The problem: Go through the listing below and retype exactly the lines starting at the one with "Nagykáta - Tóalmás" and ending at the one with "СохранитьСковорода литая с", skipping pictures.

Given information:
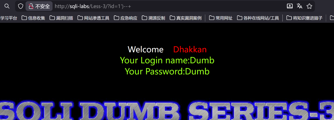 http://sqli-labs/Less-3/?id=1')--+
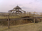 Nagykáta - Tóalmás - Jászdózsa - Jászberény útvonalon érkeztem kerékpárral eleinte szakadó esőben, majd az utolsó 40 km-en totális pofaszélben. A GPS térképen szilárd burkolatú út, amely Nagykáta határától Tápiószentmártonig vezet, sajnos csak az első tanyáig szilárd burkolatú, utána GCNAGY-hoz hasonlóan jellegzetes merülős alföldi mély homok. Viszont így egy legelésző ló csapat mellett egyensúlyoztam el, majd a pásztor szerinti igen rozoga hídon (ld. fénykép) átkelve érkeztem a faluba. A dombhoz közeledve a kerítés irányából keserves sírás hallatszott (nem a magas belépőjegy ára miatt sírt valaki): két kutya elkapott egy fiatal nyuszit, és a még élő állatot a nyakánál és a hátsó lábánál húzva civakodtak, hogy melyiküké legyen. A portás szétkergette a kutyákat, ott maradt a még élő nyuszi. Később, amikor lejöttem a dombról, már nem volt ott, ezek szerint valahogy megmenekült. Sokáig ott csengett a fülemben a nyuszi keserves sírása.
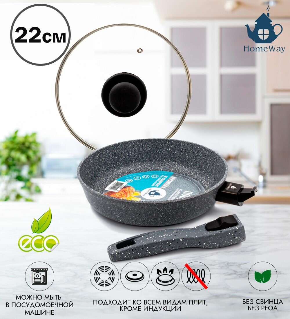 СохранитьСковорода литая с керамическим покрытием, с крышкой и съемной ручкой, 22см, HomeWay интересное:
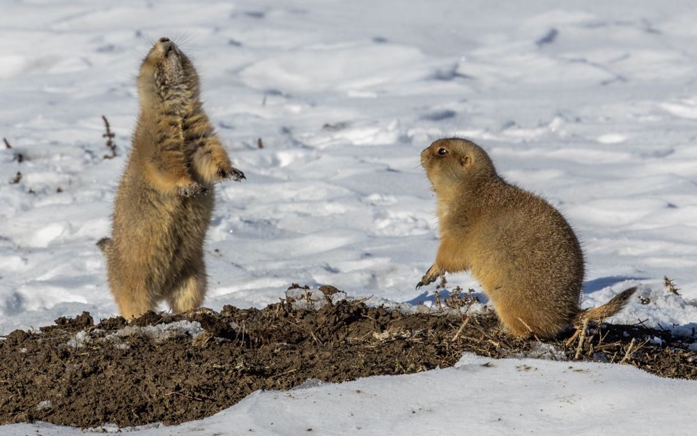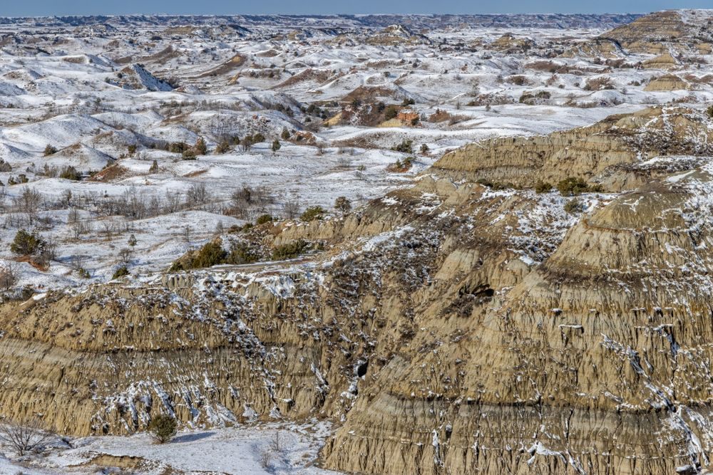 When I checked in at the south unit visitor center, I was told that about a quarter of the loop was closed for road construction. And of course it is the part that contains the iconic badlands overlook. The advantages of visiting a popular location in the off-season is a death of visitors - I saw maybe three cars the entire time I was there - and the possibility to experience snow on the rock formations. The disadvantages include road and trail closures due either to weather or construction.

Result of this task:
 Nagykáta - Tóalmás - Jászdózsa - Jászberény útvonalon érkeztem kerékpárral eleinte szakadó esőben, majd az utolsó 40 km-en totális pofaszélben. A GPS térképen szilárd burkolatú út, amely Nagykáta határától Tápiószentmártonig vezet, sajnos csak az első tanyáig szilárd burkolatú, utána GCNAGY-hoz hasonlóan jellegzetes merülős alföldi mély homok. Viszont így egy legelésző ló csapat mellett egyensúlyoztam el, majd a pásztor szerinti igen rozoga hídon (ld. fénykép) átkelve érkeztem a faluba. A dombhoz közeledve a kerítés irányából keserves sírás hallatszott (nem a magas belépőjegy ára miatt sírt valaki): két kutya elkapott egy fiatal nyuszit, és a még élő állatot a nyakánál és a hátsó lábánál húzva civakodtak, hogy melyiküké legyen. A portás szétkergette a kutyákat, ott maradt a még élő nyuszi. Később, amikor lejöttem a dombról, már nem volt ott, ezek szerint valahogy megmenekült. Sokáig ott csengett a fülemben a nyuszi keserves sírása.
 СохранитьСковорода литая с керамическим покрытием, с крышкой и съемной ручкой, 22см, HomeWay интересное:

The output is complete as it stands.